> Material shown
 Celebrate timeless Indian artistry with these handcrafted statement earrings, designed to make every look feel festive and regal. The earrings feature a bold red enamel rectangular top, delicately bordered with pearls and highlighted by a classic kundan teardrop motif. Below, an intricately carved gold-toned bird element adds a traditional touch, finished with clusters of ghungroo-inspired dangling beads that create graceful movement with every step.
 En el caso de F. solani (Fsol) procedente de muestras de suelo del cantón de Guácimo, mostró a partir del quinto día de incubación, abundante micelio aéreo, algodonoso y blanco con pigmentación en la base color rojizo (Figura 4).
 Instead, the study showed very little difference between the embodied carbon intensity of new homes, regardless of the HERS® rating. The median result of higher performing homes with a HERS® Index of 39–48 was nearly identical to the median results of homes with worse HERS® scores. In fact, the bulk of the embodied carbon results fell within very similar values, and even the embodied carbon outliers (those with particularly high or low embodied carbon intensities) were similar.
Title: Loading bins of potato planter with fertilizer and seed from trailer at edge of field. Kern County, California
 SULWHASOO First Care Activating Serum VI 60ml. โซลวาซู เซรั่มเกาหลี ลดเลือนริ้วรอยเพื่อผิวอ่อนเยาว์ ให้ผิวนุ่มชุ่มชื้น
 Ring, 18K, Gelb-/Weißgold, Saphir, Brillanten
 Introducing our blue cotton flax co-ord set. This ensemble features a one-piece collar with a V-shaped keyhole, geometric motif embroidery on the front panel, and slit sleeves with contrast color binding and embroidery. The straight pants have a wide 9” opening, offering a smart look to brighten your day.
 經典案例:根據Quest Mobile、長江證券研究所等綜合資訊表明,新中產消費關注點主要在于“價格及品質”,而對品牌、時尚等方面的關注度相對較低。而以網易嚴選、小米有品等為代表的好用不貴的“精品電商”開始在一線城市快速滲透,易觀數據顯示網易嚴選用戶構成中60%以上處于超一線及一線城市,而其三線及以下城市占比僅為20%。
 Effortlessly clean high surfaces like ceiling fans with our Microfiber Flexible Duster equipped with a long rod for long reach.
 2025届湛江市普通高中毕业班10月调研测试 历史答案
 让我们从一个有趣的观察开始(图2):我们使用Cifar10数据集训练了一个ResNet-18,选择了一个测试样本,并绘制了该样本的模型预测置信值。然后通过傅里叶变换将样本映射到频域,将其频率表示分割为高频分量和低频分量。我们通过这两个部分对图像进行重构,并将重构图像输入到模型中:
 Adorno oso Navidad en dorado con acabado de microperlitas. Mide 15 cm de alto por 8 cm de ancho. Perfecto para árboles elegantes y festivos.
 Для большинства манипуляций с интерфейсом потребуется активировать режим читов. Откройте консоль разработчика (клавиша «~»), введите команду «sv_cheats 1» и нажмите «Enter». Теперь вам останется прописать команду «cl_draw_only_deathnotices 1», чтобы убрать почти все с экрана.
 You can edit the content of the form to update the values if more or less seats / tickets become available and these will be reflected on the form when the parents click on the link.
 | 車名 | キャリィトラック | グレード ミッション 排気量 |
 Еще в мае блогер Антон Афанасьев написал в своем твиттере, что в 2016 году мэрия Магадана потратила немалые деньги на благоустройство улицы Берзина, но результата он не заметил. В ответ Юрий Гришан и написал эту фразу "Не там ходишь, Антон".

> Aim of the task
The lines in the entries above that carry the word "color" must be copied.

> Finished exercise
 En el caso de F. solani (Fsol) procedente de muestras de suelo del cantón de Guácimo, mostró a partir del quinto día de incubación, abundante micelio aéreo, algodonoso y blanco con pigmentación en la base color rojizo (Figura 4).
 Introducing our blue cotton flax co-ord set. This ensemble features a one-piece collar with a V-shaped keyhole, geometric motif embroidery on the front panel, and slit sleeves with contrast color binding and embroidery. The straight pants have a wide 9” opening, offering a smart look to brighten your day.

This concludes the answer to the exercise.